Verso sud l’identità corsa emerge in maniera decisiva e trova la sua piena espressione a Sarténe, dove spari di fucile adornano le indicazioni stradali in francese e i rari limiti di velocità, che evidentemente all’anarchismo insulare paiono una fastidiosa costrizione. Parcheggiamo nel Bronx di Sarténe, un tranquillo e pulito parcheggio tra i condomini, e ci immaginiamo che in qualche garage sia riunito il comitato centrale dei giovani del Fronte di Liberazione Nazionale Corso, mentre preparano le bombolette spray con cui la sigla FLNC sarà impressa sui cartelli stradali. Ridete pure, ma se lo sfruttamento costiero della Corsica è rasente lo zero, se ogni tentativo del Club Med o chi altro di insediare bungalov nel selvaggio e inaccessibile Desert des Agriates tra Ogliastro e Sant Fleurent è stato respinto, ben diversamente dalla lottizzazione milanese delle coste della Sardegna, se i siti naturali rimangono intatti, i parcheggi a pagamento inesistenti, le località sostanzialmente scevre del commercio di stupidi souvenirs, ed il còrso (= il francese come lo imiterebbe un italiano) rimane una lingua viva c’è un motivo. Non vorrei che sembrasse un discorso leghista. Qui un’identità c’è, e anche qualcosa da salvare. E c’è un motivo se il moro corso ha la benda sollevata, mentre i quattro mori sardi hanno la benda calata sugli occhi, soprattutto adesso…

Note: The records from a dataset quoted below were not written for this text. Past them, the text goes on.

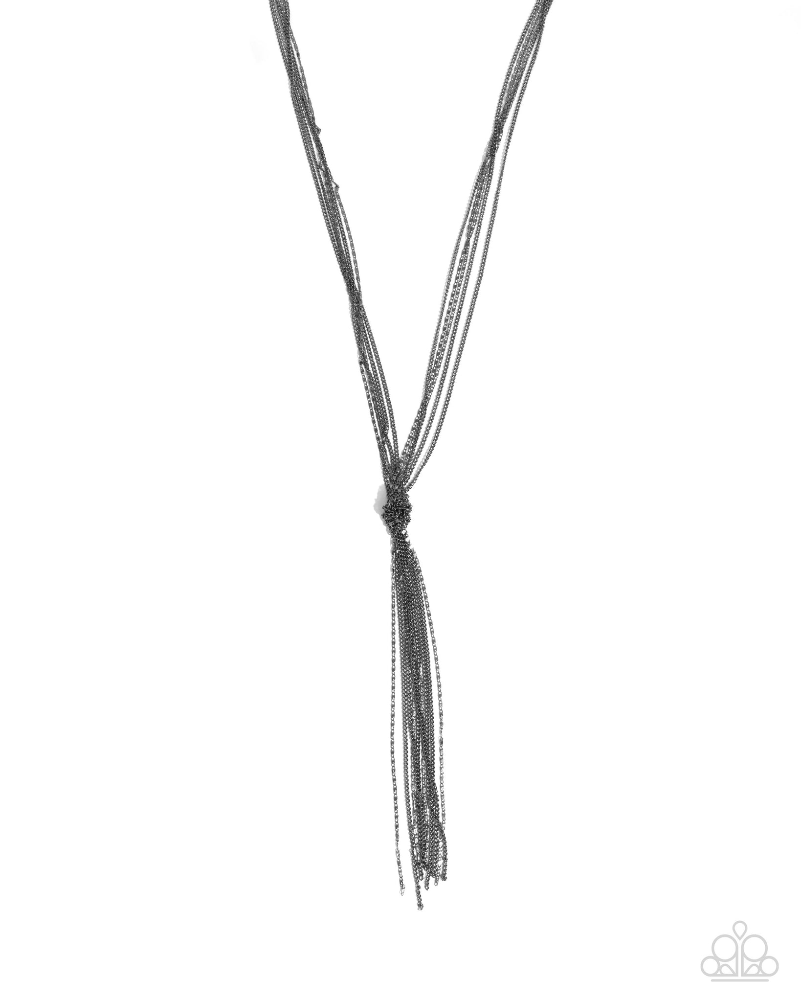 A collection of gunmetal chains intertwines into a knotted design at the base, creating a sleek and modern tassel-like necklace. The cascading strands of chain add movement and a chic edge to the overall look. Features an adjustable clasp closure.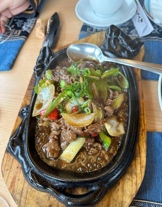 这是鹿肉,本来听说鹿肉很鲜,但是我吃的感觉没有第一道羚羊肉鲜。鹿肉的口感反而有点像牛肉,好吃,但是没有野生羚羊肉那么惊艳。
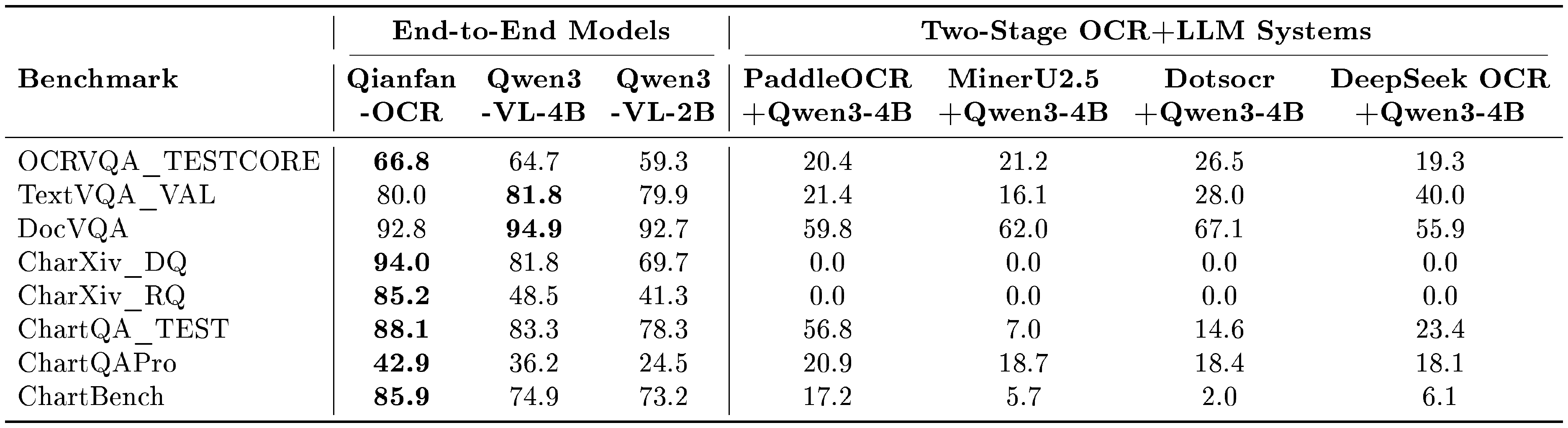::: {caption="Table 6: End-to-end models vs. two-stage OCR+LLM systems on document understanding benchmarks. Two-stage systems use Qwen3-4B as the downstream LLM. Best end-to-end results in bold."}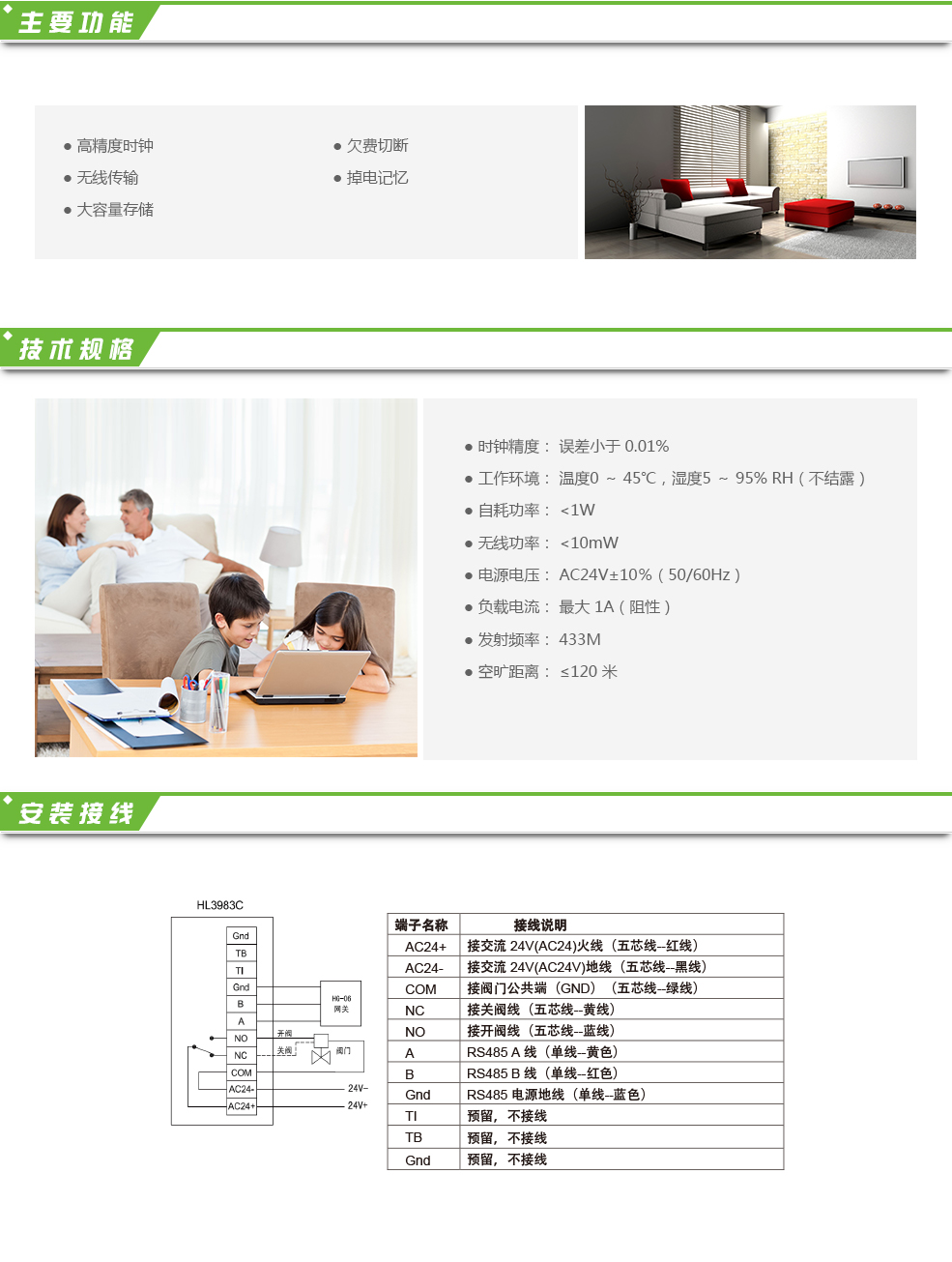 可與無線溫控器HL3983S或無線溫控器HL3963-S2配套使用。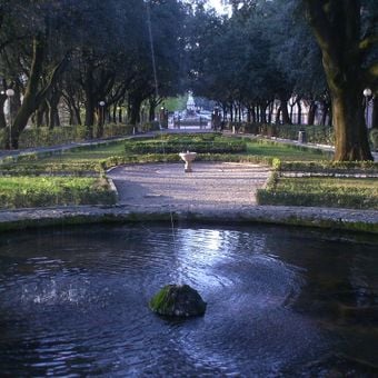 Quattro viali paralleli alberati convergono in un anfiteatro con un arco centrale in travertino progettato da Baldassarre Orsini nel Settecento.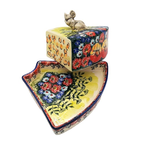 Pojemnik ma dekoracyjny wygląd, przypominający kawałek sera z dziurkami, a na jego pokrywie znajduje się figurka myszy. Całość ozdobiona jest charakterystycznym bolesławieckim wzorem kwiatowym  w odcieniach wielobarwnych. Dodatkowo pojemnik stoi na ozdobnej podstawie z wyprofilowanymi krawędziami. Podstawę, również zdobi wzór kwiatowy z trawką.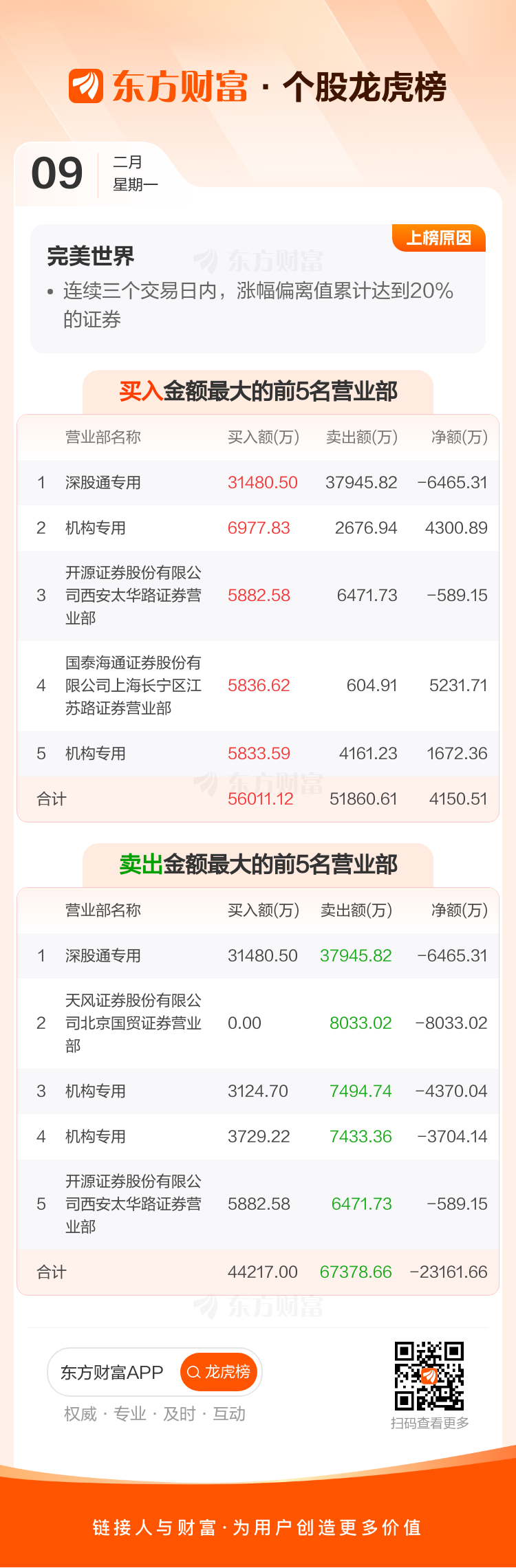 完美世界(002624)龙虎榜数据(02-09)
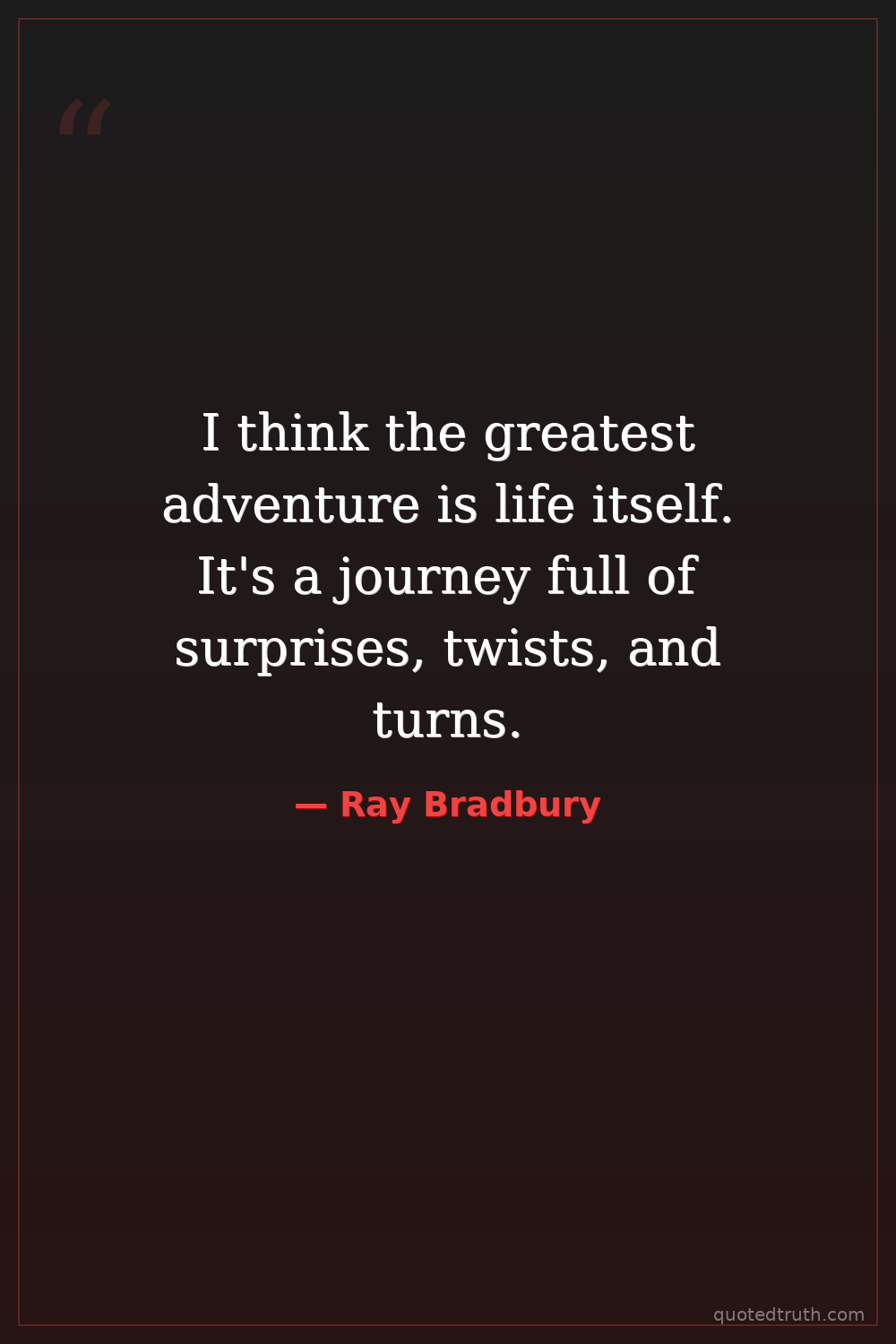 I think the greatest adventure is life itself. It's a journey full of surprises, twists, and turns.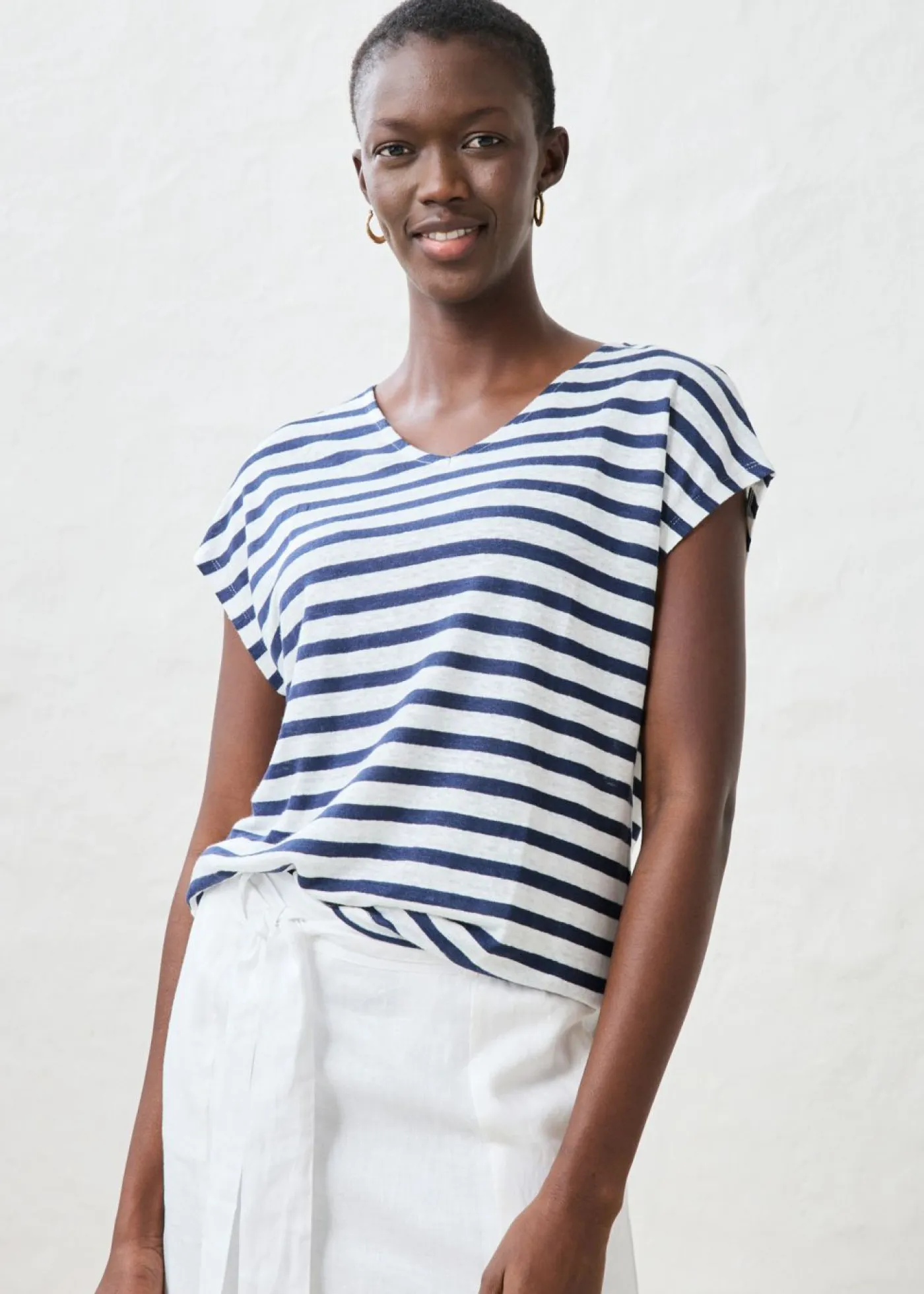 Camiseta de lino con diseño de rayas y escote en V en la parte delantera y trasera. El lino es una fibra natural resistente y, gracias a sus propiedades fibrosas, transpira la piel. Se caracteriza por los finos pliegues y la superficie estructurada. Agradable y vaporoso, el lino será tu compañero ideal para el verano.
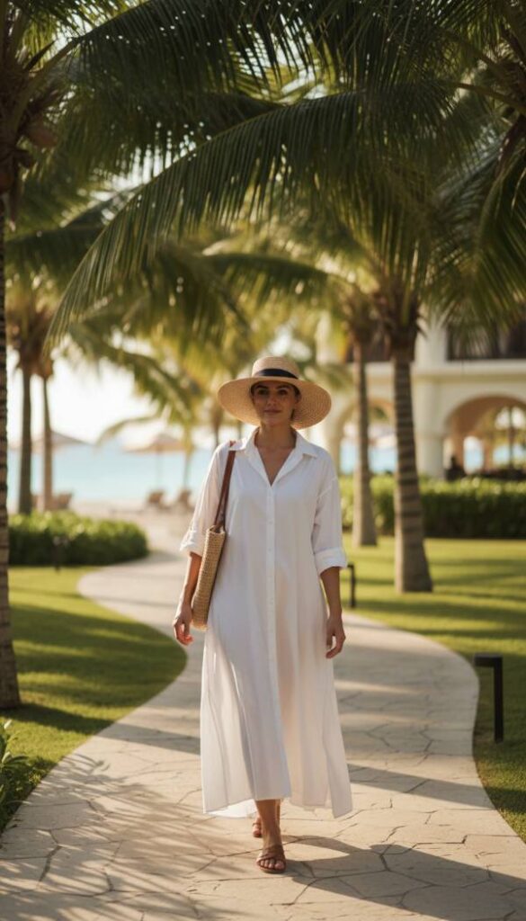 For day time ease with an undeniable touch of luxury, a silk blend short set is indispensable. This pairing typically features tailored, yet relaxed fit shorts and a matching short sleeved button up shirt or a camisole, all crafted from a soft, breathable silk blend fabric. Choose patterns that are sophisticated and subtle, or opt for a solid vibrant hue like a rich emerald or a soft coral. Perfect for relaxed breakfasts, exploring local markets, or simply lounging in sophisticated comfort, this set offers both versatility and refined style for the discerning lady’s vacation wardrobe.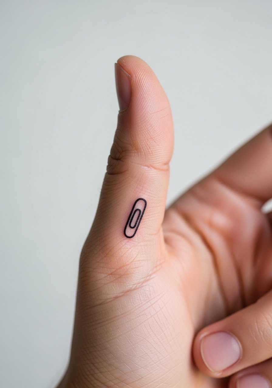 Small, quirky marks like a paperclip are low-key but carry private meaning—maybe an inside joke. Thumbs are painful and prone to fading; expect the need for touch-ups if you use your hands heavily. Keep the design bold and simple to survive hand wear. If you want something truly low-maintenance, consider placing the same motif on the inner wrist instead.

Finché non si oltrepassa Bonifacio, la magnifica Bonifacio, uno dei posti al mondo da vedere. Di qua da Bonifacio, verso Porto Vecchio e lungo la strada tutta rettilinei e rotonde della costa est, nel furtivo viaggio di ritorno si reincontrano le orde di camper che si erano lasciate al porto di Bastìa, schierate in maniera ordinata nei campeggi sul litorale di una costa povera e poco interessante, ma con il mare comunque bello e le spiagge pulite. Questa è la metà italiana, e la gente in coda sfanala per passare e non ringrazia. Qualcuno mi dice che così sta scritto sui forum per i camperisti, quelli che a priori mi rifiuto di consultare: scesi a Bastìa, preferite il giro in senso orario, senza spingervi sulla costa occidentale e nell’interno. Sono contento che sia scritto così, penso mentre devìo per San Nicolao dal sito turistico di Moriani Plage per un’ultima scampagnata tra i paesini interni in cresta a lussureggianti promontori ricoperti di felci, per strade poco batutte. Sono contento di poter ricordare le tante Pietra, ottima birra ambrata a base di farina di castagne, sorseggiate su una scogliera a precipizio sul mare davanti al sole rosso che si immerge nell’acqua, in compagnia delle sole persone che contano.